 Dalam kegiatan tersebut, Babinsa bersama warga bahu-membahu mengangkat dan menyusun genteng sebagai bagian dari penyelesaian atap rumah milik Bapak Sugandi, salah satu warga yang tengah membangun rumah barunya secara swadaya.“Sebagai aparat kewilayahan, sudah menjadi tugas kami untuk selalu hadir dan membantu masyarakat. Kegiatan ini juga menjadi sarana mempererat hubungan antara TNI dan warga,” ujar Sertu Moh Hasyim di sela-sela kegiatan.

* * *

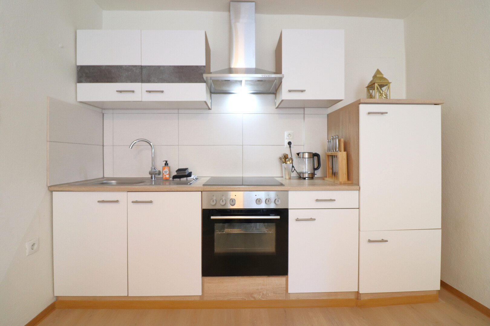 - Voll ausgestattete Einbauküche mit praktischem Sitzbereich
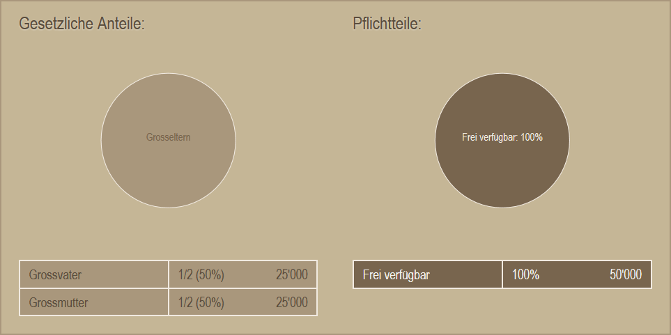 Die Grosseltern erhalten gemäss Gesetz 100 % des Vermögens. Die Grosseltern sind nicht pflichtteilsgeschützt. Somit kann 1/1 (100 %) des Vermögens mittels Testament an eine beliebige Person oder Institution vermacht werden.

> _Assignment_: Extract the part of the records that opens with the line containing "- Voll ausgestattete" and closes with the line containing "Die Grosseltern erhalten". Take only those lines, exactly, and no pictures.

> _Written response_:
 - Voll ausgestattete Einbauküche mit praktischem Sitzbereich
 Die Grosseltern erhalten gemäss Gesetz 100 % des Vermögens. Die Grosseltern sind nicht pflichtteilsgeschützt. Somit kann 1/1 (100 %) des Vermögens mittels Testament an eine beliebige Person oder Institution vermacht werden.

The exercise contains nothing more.